AN AVALANCHE OF APPEALS from working moms and dads had child-tending services scrambling.

Mary Jane Pontes had spent two snow days at home with her kids, and she was already eager to get back to work - as a schoolteacher.

``Today I'm sort of wishing that I was spending my day with 22 kids in the classroom instead of my three,'' she said. ``Even they're saying they're sick of it.''

At least Pontes could watch over her own children without penalty. When the blizzard closed schools Monday and Tuesday from Virginia to Massachusetts, other parents had to make hard choices between going to work and staying home with their kids.

Many parents tried frantically to find a place to leave their children.

``We haven't had something like this in, I can't even remember when,'' said Marsha Cooper, managing director of Caregivers on Call, a New York-based emergency baby-sitting service that was flooded with appeals for help from parents - at a price of more than $85 a day for in-home baby-sitting.

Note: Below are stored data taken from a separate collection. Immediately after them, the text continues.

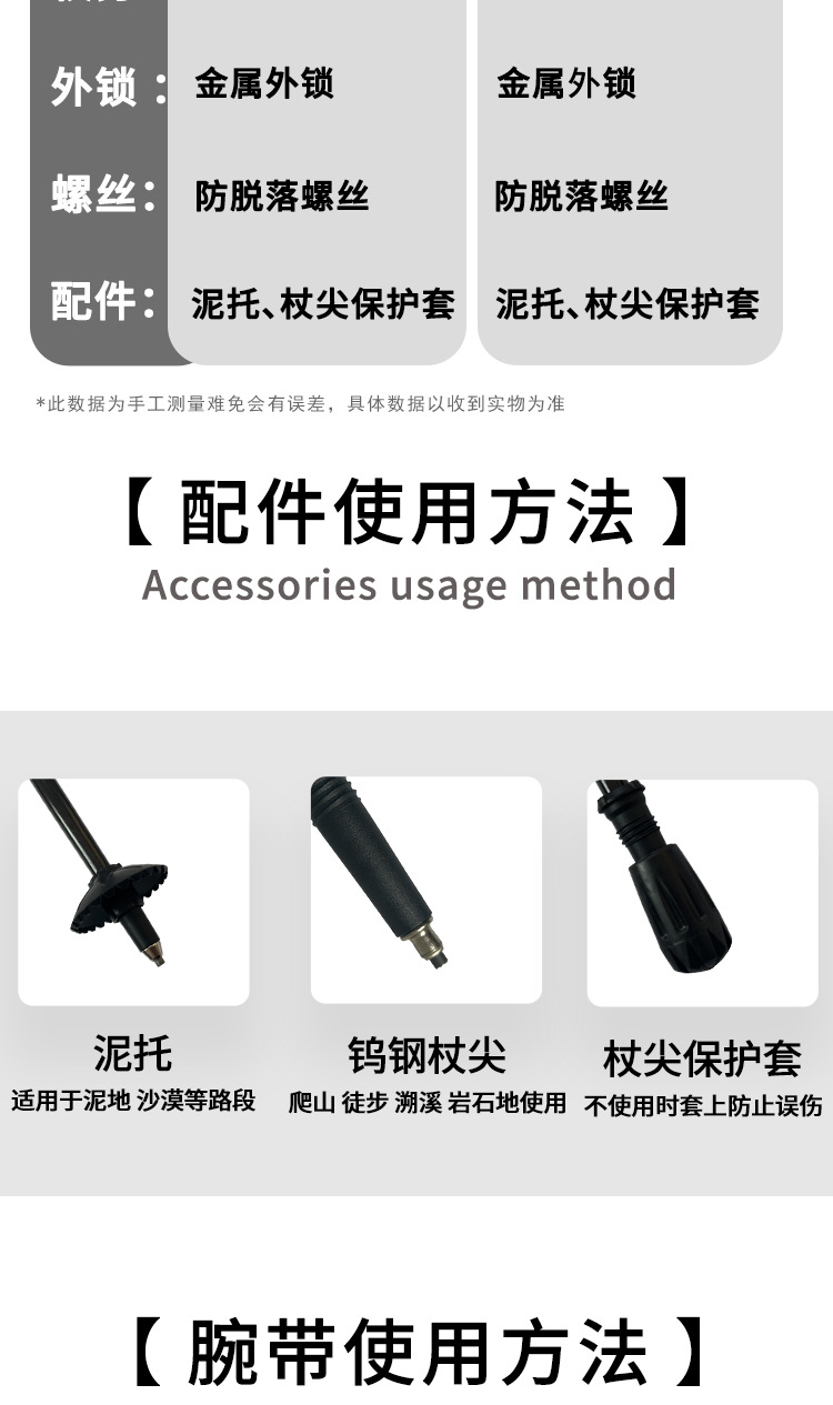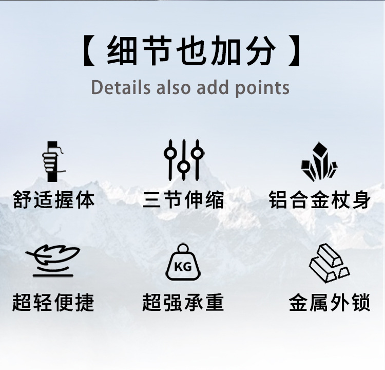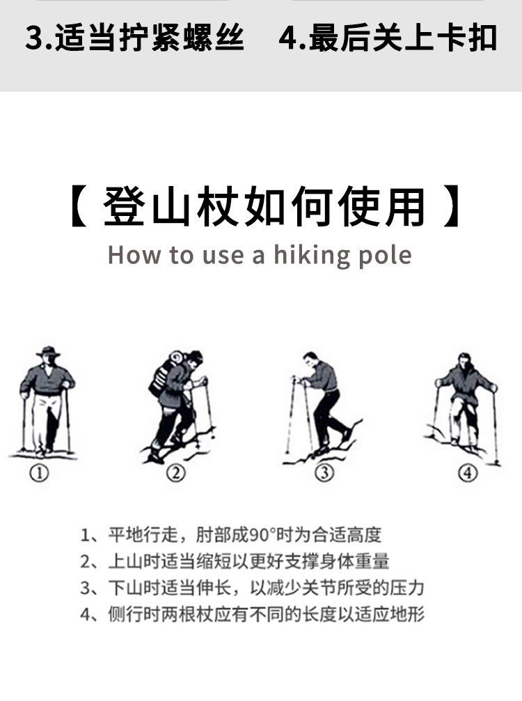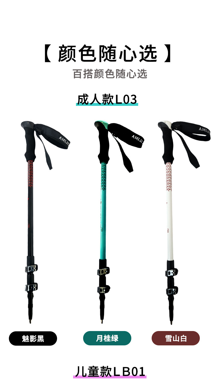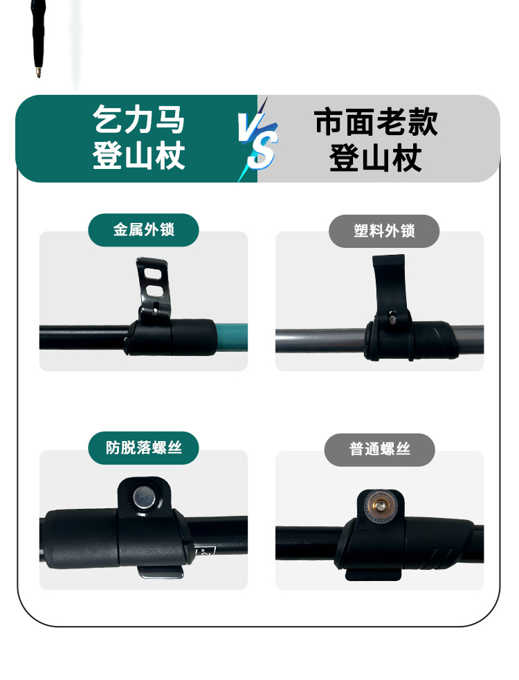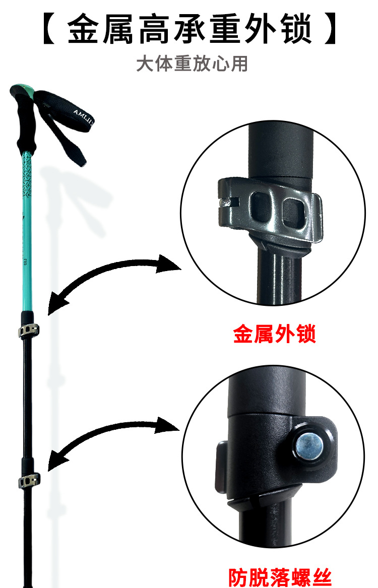 킬리마 세대 인쇄 알루미늄 합금 텔레스코픽 금속 버클 등산 극 야외 하이킹 스노우 마운틴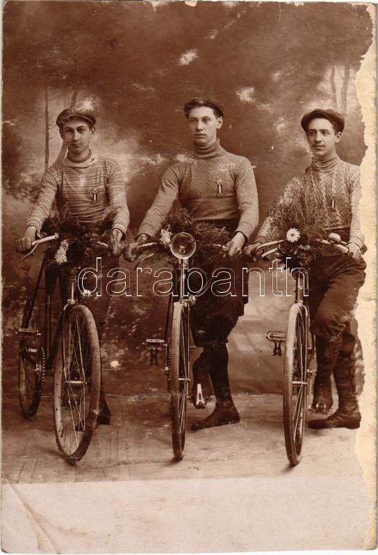 Beschreibung: Szászváros, Broos, Orastie; kerékpáros verseny győztesei. Adler fényirda / winners of cycling competition. photo (felszíni sérülés / surface damage)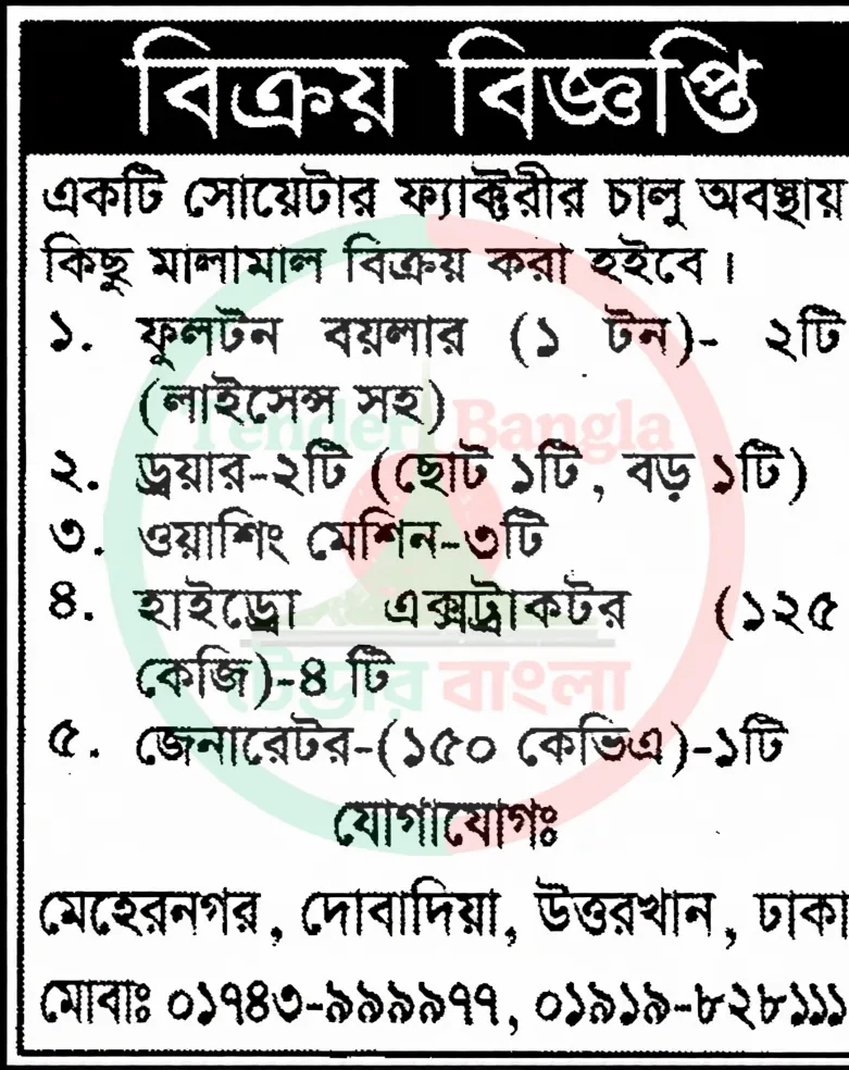 Title: বিভিন্ন ধরনের মালামাল নিলাম বিজ্ঞপ্তি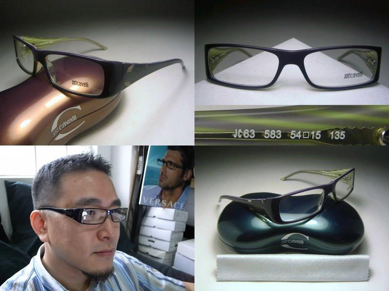 JUST Cavalli 光學眼鏡, Roberto Cavalli 品牌, 深藍色膠框, 兩邊鏡架上有 JUST Cavalli 的字樣.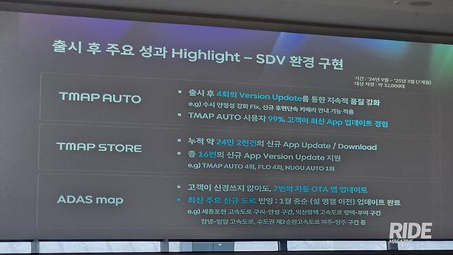 이렇게 뛰어난 사용 편의성을 보여줄 수 있는 건 티맵의 높은 사용자수에 있다. 2025년 2월 기준 등록 사용자수는 2,441만 명, 최대 월간 활성화 이용자 1,493만 명(2024년), 최대 일간 활성화 이용자 607만 명(2024년)이라는 국내 최대 유저풀을 기반으로 한 데이터를 쌓아오고 있기 때문이다. 여기에 사용자 피드백을 바탕으로 최적화 및 개선 작업을 통해 처음 사용하더라도 어려움 없이 필요한 기능을 사용할 수 있다.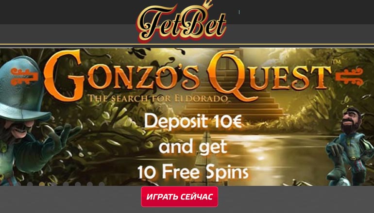 Многие века исследователи пытаются отыскать путь к воротам золотого города Эльдорадо и найти его сокровища. Пополни свой игровой счет и получи 10 фриспинов по бонусу на депозит от казино ФетБет в Gonzos Quest. Испытай свою удачу в поисках несметных сокровищ вместе с Гонзо!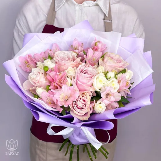 Мы стараемся собрать букет максимально похожим на фото. Возможны небольшие отличия в оттенках.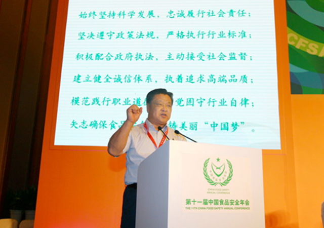 在15日的開(kāi)幕式上,全國(guó)政協(xié)副主席齊續(xù)春,十屆全國(guó)人大常委會(huì)副委員長(zhǎng)顧秀蓮等國(guó)家領(lǐng)導(dǎo)人、以及國(guó)務(wù)院相關(guān)部委辦局主管領(lǐng)導(dǎo)出席會(huì)議并分別作重要講話(huà),并為食品安全領(lǐng)域中做出杰出貢獻(xiàn)的全國(guó)食品安全十大企業(yè)家和十強(qiáng)企業(yè)頒發(fā)了獎(jiǎng)盤(pán)。傅光明董事長(zhǎng)從中國(guó)食品安全年會(huì)名譽(yù)主任顧秀蓮手中接過(guò)銀質(zhì)獎(jiǎng)盤(pán),獎(jiǎng)盤(pán)的光芒在臺(tái)上閃耀,一份沉甸甸的責(zé)任在手中緊握。傅光明董事長(zhǎng)會(huì)上還被大會(huì)組委會(huì)一致推薦為大會(huì)《2013食品安全宣言》領(lǐng)誓人,邀請(qǐng)他在主席臺(tái)上帶領(lǐng)企業(yè)代表共同宣誓。開(kāi)幕會(huì)結(jié)束后,參會(huì)領(lǐng)導(dǎo)共同參觀了與本屆年會(huì)一起舉辦的第九屆中國(guó)食品博覽會(huì)。
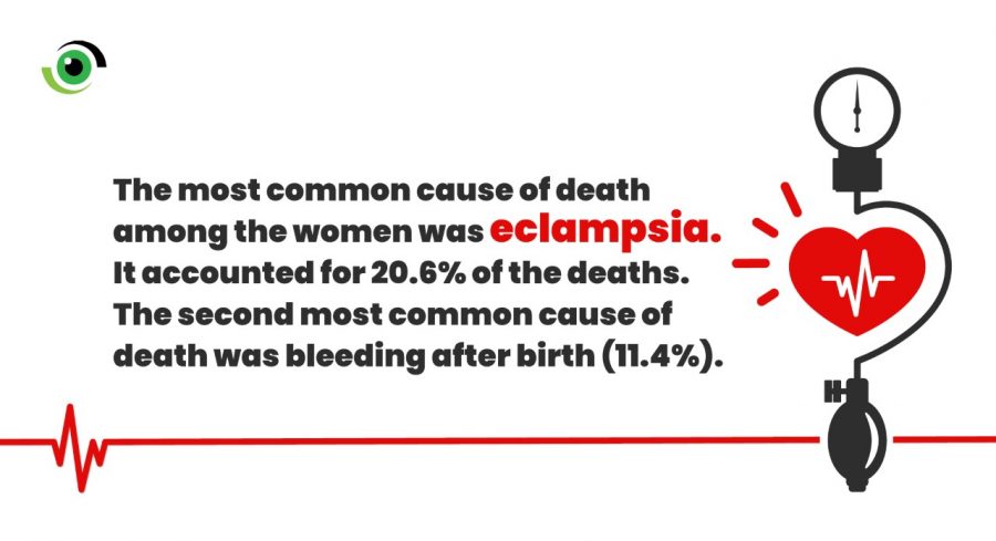 The most common cause of death among the women was eclampsia. It accounted for 20.6% of the deaths. Eclampsia is characterised by convulsions in pregnant women which are a result of high blood pressure. The second most common cause of death was bleeding after birth (11.4%).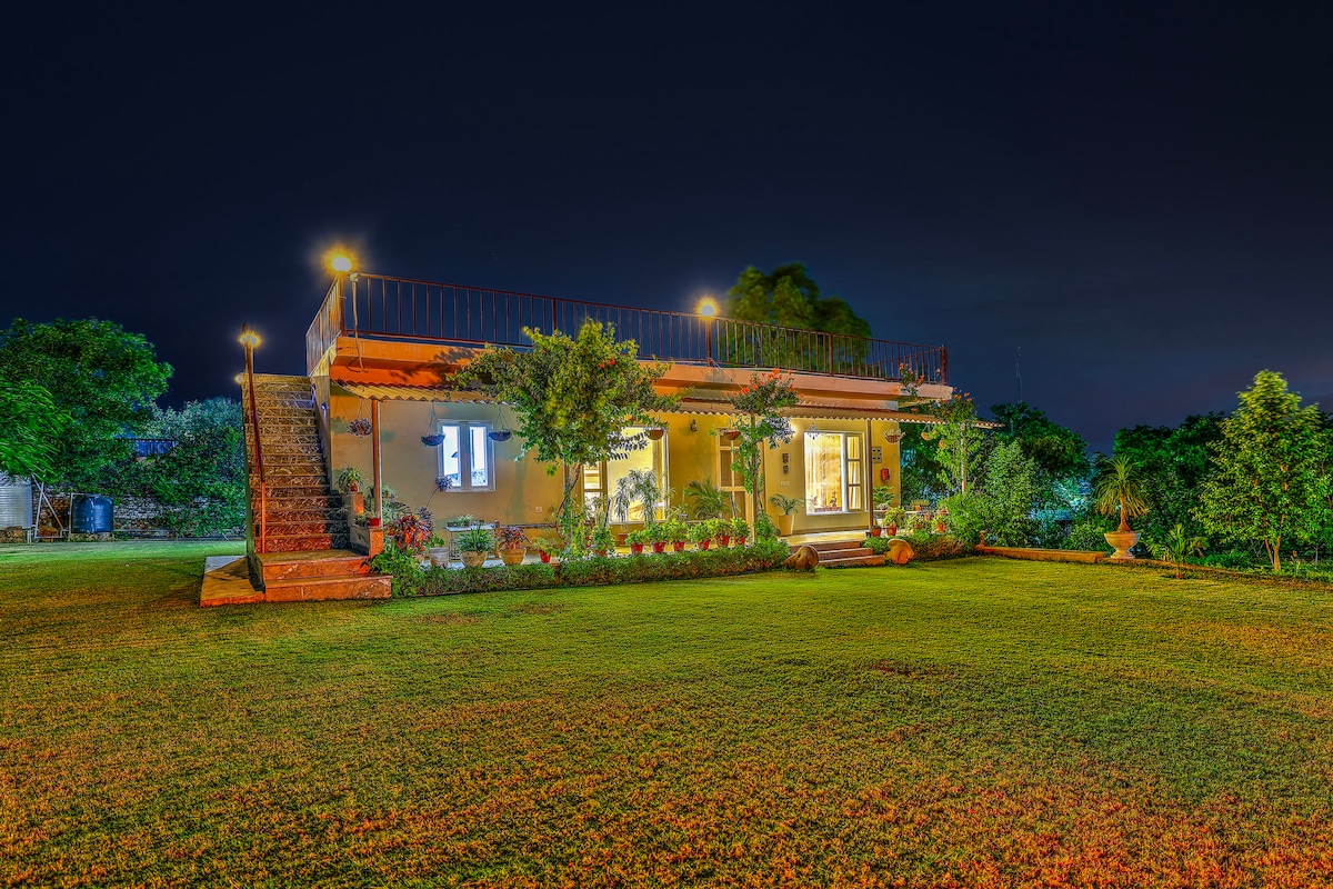 Escape to Neemrana’s Top rated Glass House Farm! Set against the serene backdrop of the Aravalli Hills, this best-rated retreat offers an exceptional Airbnb experience. Perfect for families, small corporate groups, and pet-friendly, making it an idyllic getaway. Just a short drive from Delhi/NCR, this stunning glass house promises a rejuvenating escape, allowing you to unwind in nature’s embrace while enjoying premium amenities. Discover a peaceful retreat designed to refresh yourself.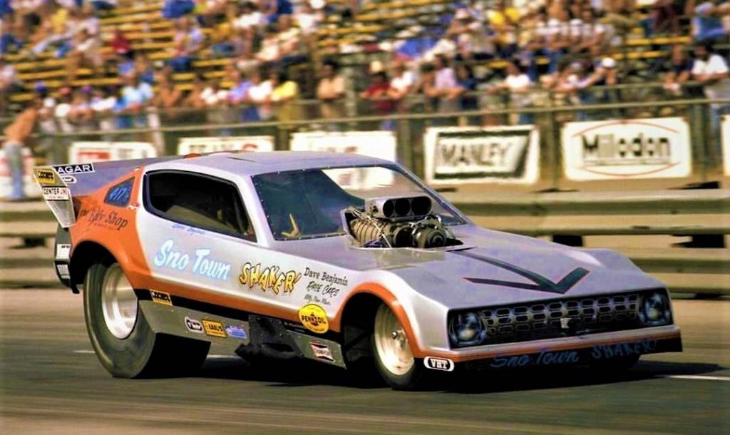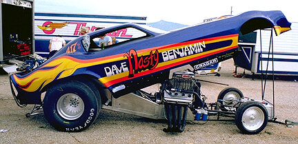 Notes: Dave built the car. He was severely burned at Ontario and missed the 1979 season. | Benjamin tells the story online of his fire and severe burns at the '78 Finals, caused by Nelson's stock, unbalanced, crank with a crack in it. No raffles or Benefit events, he said. He was at the '89 Funny Car Opener at SIR. The backs of his arms looked like medium-cooked bacon. - Joe Moore |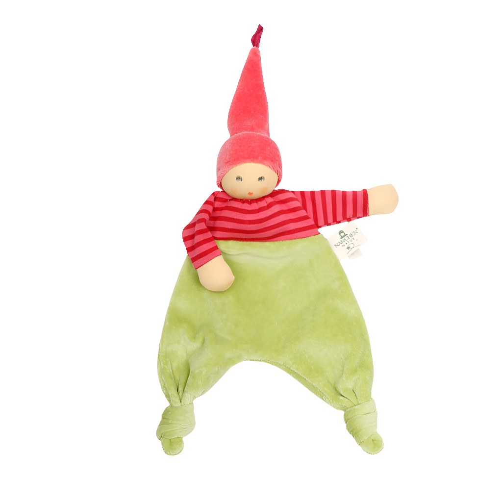 Soft, whimsical, and full of charm, the Forest Elf Pink-Green is a gentle companion for little hands to hold and cuddle. Handmade in Germany by Nanchen Nature, she is crafted from organic cotton velour and filled with pure organic wool - safe, natural materials perfect for babies and toddlers.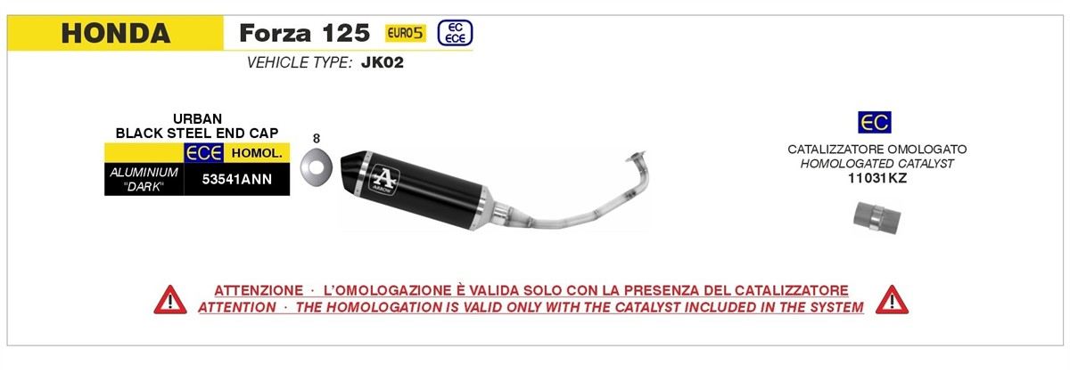 SCHEMA DI MONTAGGIO: nelle foto fare riferimento allo SCHEMA DI MONTAGGIO della propria moto (indicato in alto a sinistra: Modello - Euro - Vehicle Type) e al codice prodotto 11031KZ.
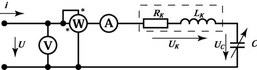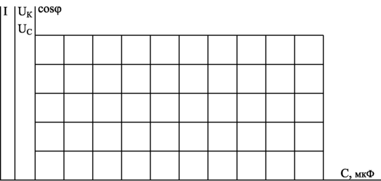 | U, В | I, А | P, Вт | UK, В | UC, В | Z, Ом | XC, Ом | cos | | X, Ом | ||
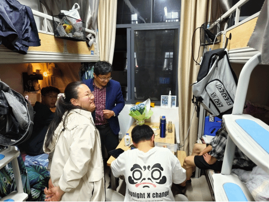 2024年3月13日晚,公司党委书记王国贤带领晚值班的班主任辅导员老师们走访检查2023级新生入住立志苑2栋和4栋宿舍,关心了解员工的学习生活情况。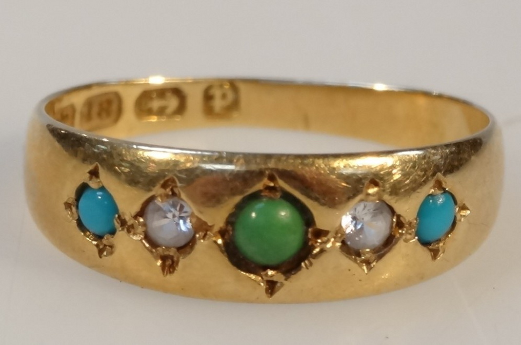 set with turquoise, etc, on a plain shank, size H, 2g all in.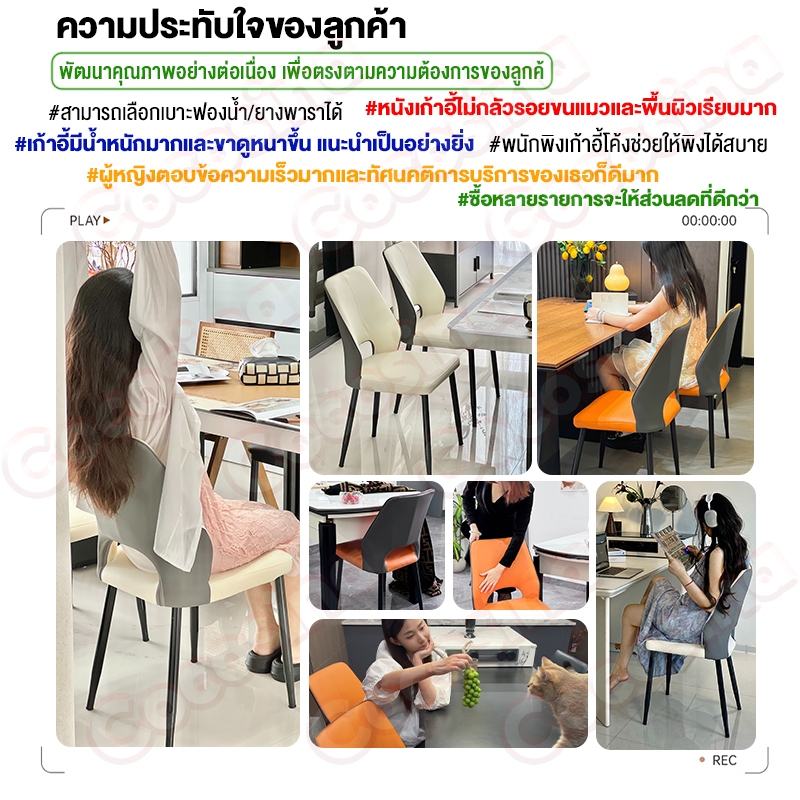 COS💥แมวข่วนผิวหนัง💥เก้าอี้กินข้าว เบาะหนัง ขาเหล็กหนา สไตล์อิตาลี แบริ่ง600KG Dining Chair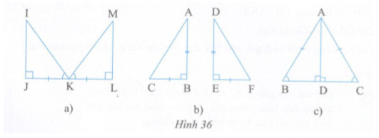 Hai tam giác vuông trong mỗi hình 36a, b, c bằng nhau theo trường hợp nào ?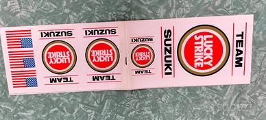 Adesivi vintage Anni 80 Lucky Strike Suzuki per moto da corsa Superbike Misura 42 X 12 Posso spedire personalmente al costo di € 1.50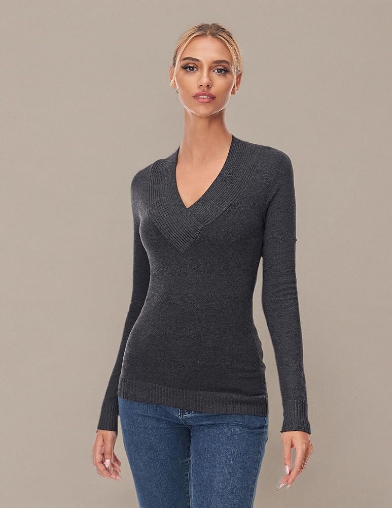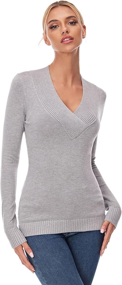 AmélieBoutik Women Crossover v Neck Long Sleeve Sweater Sweater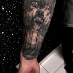 Tetování vlk, les a měsíc na předloktí

Medical student John Langell, faced with such a problem, took his children, Michael, 9, and Ashley, 8, with him to the hospital where he works in Philadelphia.

``They've been having fun,'' said Langell, a former Southern Californian.

In the Washington area, many businesses and government offices still were closed Tuesday, and parents simply stayed home with their children. But Mothers' Aides Inc., a baby-sitting service in Fairfax, Va., said bookings are pouring in for the end of the week.

Experts said the scramble for child care during recent snowstorms pointed out clearly some of the trends of the '90s: more parents working, more single parents and more kids, thanks to a baby boomlet.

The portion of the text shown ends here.